Season 2 of The Last Kingdom starts this Thursday at 9pm:
BBC Two - The Last Kingdom

The Radio Times featured it on the cover with headline _Dane of Thrones_.


----------



## Heather Myst (Mar 12, 2017)

Thanks for the heads up Brian. I really enjoyed season one.


----------



## thaddeus6th (Mar 13, 2017)

Huzzah!


----------



## Steve S (Mar 13, 2017)

Got this on series record - hope it's as good as the excellent first series!


----------



## Connavar (Mar 13, 2017)

Me and brothers we have been looking forward to season 2, season 1 started slowly but finished strong.   

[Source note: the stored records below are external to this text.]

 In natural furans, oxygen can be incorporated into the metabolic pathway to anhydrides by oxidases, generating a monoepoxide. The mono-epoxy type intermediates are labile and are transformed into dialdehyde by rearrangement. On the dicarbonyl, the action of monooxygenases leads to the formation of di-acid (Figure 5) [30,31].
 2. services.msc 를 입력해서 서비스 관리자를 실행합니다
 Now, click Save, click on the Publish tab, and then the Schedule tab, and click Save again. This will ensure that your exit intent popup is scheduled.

Cant wait for thursday,see it on Netflix quality, easy to watch.   Its no Vikings in that doesnt have that high quality visuals, the epic mythology/world of Hirst but its an interesting period,characters from anglo saxon POV, not the vikings POV.


----------



## svalbard (Mar 14, 2017)

Looks like a bigger budget too.


----------



## Steve S (Mar 25, 2017)

What do you all think of series 2 so far? I don't think it has quite matched the heights of the first series yet but some intriguing plot lines are developing.


----------



## thaddeus6th (Mar 26, 2017)

I missed the start of the second episode.

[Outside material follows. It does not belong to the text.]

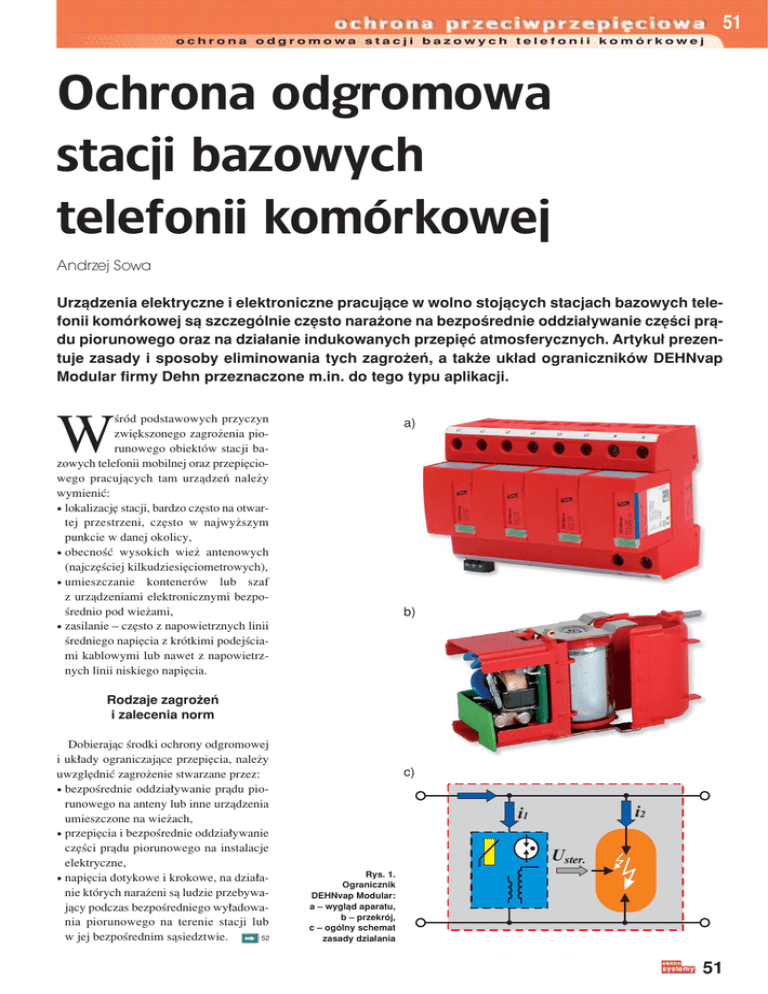 51 ochrona odgromowa stacji bazowych telefonii komÛrkowej Ochrona odgromowa stacji bazowych telefonii komórkowej Andrzej Sowa Urzπdzenia elektryczne i elektroniczne pracujπce w wolno stojπcych stacjach bazowych telefonii komÛrkowej sπ szczegÛlnie czÍsto naraøone na bezpoúrednie oddzia≥ywanie czÍúci prπdu piorunowego oraz na dzia≥anie indukowanych przepiÍÊ atmosferycznych. Artyku≥ prezentuje zasady i sposoby eliminowania tych zagroøeÒ, a takøe uk≥ad ogranicznikÛw DEHNvap Modular firmy Dehn przeznaczone m.in. do tego typu aplikacji. úrÛd podstawowych przyczyn zwiÍkszonego zagroøenia piorunowego obiektÛw stacji bazowych telefonii mobilnej oraz przepiÍciowego pracujπcych tam urzπdzeÒ naleøy wymieniÊ: ï lokalizacjÍ stacji, bardzo czÍsto na otwartej przestrzeni, czÍsto w najwyøszym punkcie w danej okolicy, ï obecnoúÊ wysokich wieø antenowych (najczÍúciej kilkudziesiÍciometrowych), ï umieszczanie kontenerÛw lub szaf z urzπdzeniami elektronicznymi bezpoúrednio pod wieøami, ï zasilanie ñ czÍsto z napowietrznych linii úredniego napiÍcia z krÛtkimi podejúciami kablowymi lub nawet z napowietrznych linii niskiego napiÍcia. W a) b) Rodzaje zagroøeÒ i zalecenia norm Dobierajπc úrodki ochrony odgromowej i uk≥ady ograniczajπce przepiÍcia, naleøy uwzglÍdniÊ zagroøenie stwarzane przez: ï bezpoúrednie oddzia≥ywanie prπdu piorunowego na anteny lub inne urzπdzenia umieszczone na wieøach, ï przepiÍcia i bezpoúrednie oddzia≥ywanie czÍúci prπdu piorunowego na instalacje elektryczne, ï napiÍcia dotykowe i krokowe, na dzia≥anie ktÛrych naraøeni sπ ludzie przebywajπcy podczas bezpoúredniego wy≥adowania piorunowego na terenie stacji lub 52 w jej bezpoúrednim sπsiedztwie. c) Rys. 1. Ogranicznik DEHNvap Modular: a ñ wyglπd aparatu, b ñ przekrÛj, c ñ ogÛlny schemat zasady dzia≥ania 51 52 ochrona odgromowa stacji bazowych telefonii komÛrkowej Rys. 2. Klasyczny uk≥ad po≥πczeÒ ogranicznika DEHNvap. 51 Projektujπc systemy ochrony, naleøy uwzglÍdniÊ wymagania norm ochrony odgromowej obiektÛw budowlanych [1, 2, 3, 4], ochrony przepiÍciowej w instalacji elektrycznej [9, 10] oraz zalecenia zawarte w normach kompatybilnoúci elektromagnetycznej urzπdzeÒ instalowanych w stacjach bazowych [11, 12, 13]. Ograniczanie przepiÍÊ w instalacji elektrycznej Dobierajπc urzπdzenia do ograniczania przepiÍÊ SPD (Surge Protective Device) w instalacji elektrycznej w stacji bazowej, naleøy uwzglÍdniÊ: ï zagroøenie piorunowe wynikajπce z przyjÍtego poziomu ochrony, ï wymagania wynikajπce z niewielkie rozmiarÛw szafy lub kontenera z urzπdzeniami elektronicznymi, ï trudnoúci z dok≥adnym okreúleniem odpornoúci udarowej kaødego z urzπdzeÒ, ï celowoúÊ zachowania marginesu koordynacyjnego pomiÍdzy poziomem wytrzy- ma≥oúci udarowej urzπdzeÒ a napiÍciowym poziomem ochrony ogranicznikÛw, ï zalecenia zawarte w normach ochrony odgromowej i przepiÍciowej. Z analizy powyøszych wymagaÒ wynika, øe uk≥ady ogranicznikÛw przepiÍÊ powinny: ï ograniczaÊ przepiÍcia do poziomu poniøej 1500 V pomiÍdzy przewodami fazowymi a przewodem ochronnym oraz pomiÍdzy przewodem neutralnym a przewodem ochronnym, ï zapewniaÊ ochronÍ przed dzia≥aniem prπdu piorunowego o wartoúci szczytowej dochodzπcej do 100 kA, ï charakteryzowaÊ siÍ napiÍciem trwa≥ej pracy na poziomie oko≥o 1,1 napiÍcia fazowego, ï byÊ proste w montaøu i zajmowaÊ stosunkowo niewiele miejsca w rozdzielnicy, ï gasiÊ prπdy nastÍpcze lub nie dopuszczaÊ do ich powstawania w instalacji elektrycznej, ï podczas dzia≥ania nie wp≥ywaÊ na pracÍ innych aparatÛw elektrycznych, np. nie powodowaÊ zadzia≥ania bezpiecznikÛw, Rys. 3. Przyk≥ad szeregowego po≥πczenia modu≥u ochronnego DEHNvap 52 nawet o stosunkowo niewielkich wartoúciach, ï posiadaÊ wskaünik sygnalizujπcy uszkodzenie ogranicznikÛw. Uk≥ad SPD powinien byÊ dobrany do stosowanego systemu sieci i umieszczony w takim miejscu, w ktÛrym istnieje moøliwoúÊ jego kontroli. Ograniczanie przepiÍÊ do moøliwie najniøszych poziomÛw wymaga rÛwnieø stosowania moøliwie najkrÛtszych przewodÛw do po≥πczeÒ SPD. Wyeliminowanie wad rÛønego typu ogranicznikÛw, przy zachowaniu wymaganych w≥aúciwoúci ochronnych, osiπgniÍto wprowadzajπc nowe typy SPD typu 1 o niskich napiÍciowych poziomach ochrony. Jednym z takich rozwiπzaÒ sπ produkowane przez firmÍ Dehn SPD typu 1 DEHNvap Modular (rys. 1.) o napiÍciowym poziomie ochrony poniøej 1500 V. DEHNvap Modular Urzπdzenia ograniczajπce przepiÍcia DEHNvap posiadajπ po dwa zaciski do po≥πczenia z kaødym z przewodÛw fazowych oraz z przewodem ochronnym PE i lokalnπ szynπ wyrÛwnawczπ. Wprowadzenie takiego rozwiπzania umoøliwia prosty montaø ogranicznikÛw w uk≥adzie rÛwnoleg≥ym i szeregowym ñ tzw. uk≥adzie V. Po≥πczenie ÑrÛwnoleg≥eî jest zalecane, jeúli istnieje moøliwoúÊ zastosowania do po≥πczenia ogranicznika krÛtkich przewodÛw oraz wystÍpujπ duøe wartoúci znamionowych zabezpieczeÒ nadprπdowych zamontowanych przed ogranicznikiem. W uk≥adzie rÛwnoleg≥ym ograniczniki DEHNvap nie wymagajπ dobezpieczeÒ, jeúli wartoúci bezpiecznikÛw nie przekraczajπ 315A gL/gG. Montaø w uk≥adzie szeregowym umoøliwia wyeliminowanie spadku napiÍÊ na przewodach, ale zakres jego zastosowaÒ ogranicza siÍ do instalacji, w ktÛrych znamionowe wartoúci prπdÛw bezpiecznikÛw nie przekraczajπ wartoúci 125 A. Zastosowanie sterowanych obudowanych iskiernikÛw umoøliwi≥o stworzenie SPD, ktÛre posiadajπ, w porÛwnaniu z klasycznymi rozwiπzaniami ochrony przepiÍciowej, nastÍpujπce zalety: ï zapewniajπ ochronÍ instalacji i urzπdzeÒ przed bezpoúrednim dzia≥aniem prπdÛw piorunowych i wszelkiego rodzaju przepiÍciami; ï pomimo zastosowania warystorÛw nie wprowadzajπ prπdÛw up≥ywu w instalacji elektrycznej; sierpieÒ 2010 53 ochrona odgr

I've completely forgotten how Uhtred met Blondenun or why they get along, but I approve of her. Things seem set up pretty nicely.


----------



## svalbard (Apr 1, 2017)

A fantastic third episode. Moving in parts especially the scene between Uthred and Hild(well played by Eva Birthisle).


----------



## Brian G Turner (Apr 19, 2017)

Ah, pants - missed the first episode, and it's no longer on iPlayer. Just wasn't in the mood for it. Not sure whether to just wait it out and rent it on DVD when it becomes available.


----------



## Piper (Jun 12, 2017)

Is Netflix the only way to see Season 2 in the states?  Loved Season 1 and have been hoping for a Season 2


----------



## Judderman (Sep 8, 2017)

I just watched both seasons. This is a great show!
It does seem like Utrydd is for some reason the only person of influence who has both sense and some knowledge of tactics, but usually the stories remain just about plausible. Good fun.


----------



## thaddeus6th (Sep 8, 2017)

I like the portrayal of Alfred. He's quite tricky, neither a full-blown bookworm nor a warrior-king nor a holy chap, but a mix of all of those.


----------



## Judderman (Sep 8, 2017)

Despite the fact that Utrydd is the most important man in the country in what he has achieved Alfred still doesn't reward him much. If Utrydd just got baptised and said he is a Christian (which he wont) he would be highly decorated by now.


----------



## svalbard (Sep 8, 2017)

Alfred is well played and in keeping with his times as are most of the characters. That is one of the most enjoyable parts of the show. There are few nods to modern sensibilities but the characters are still relatable.


----------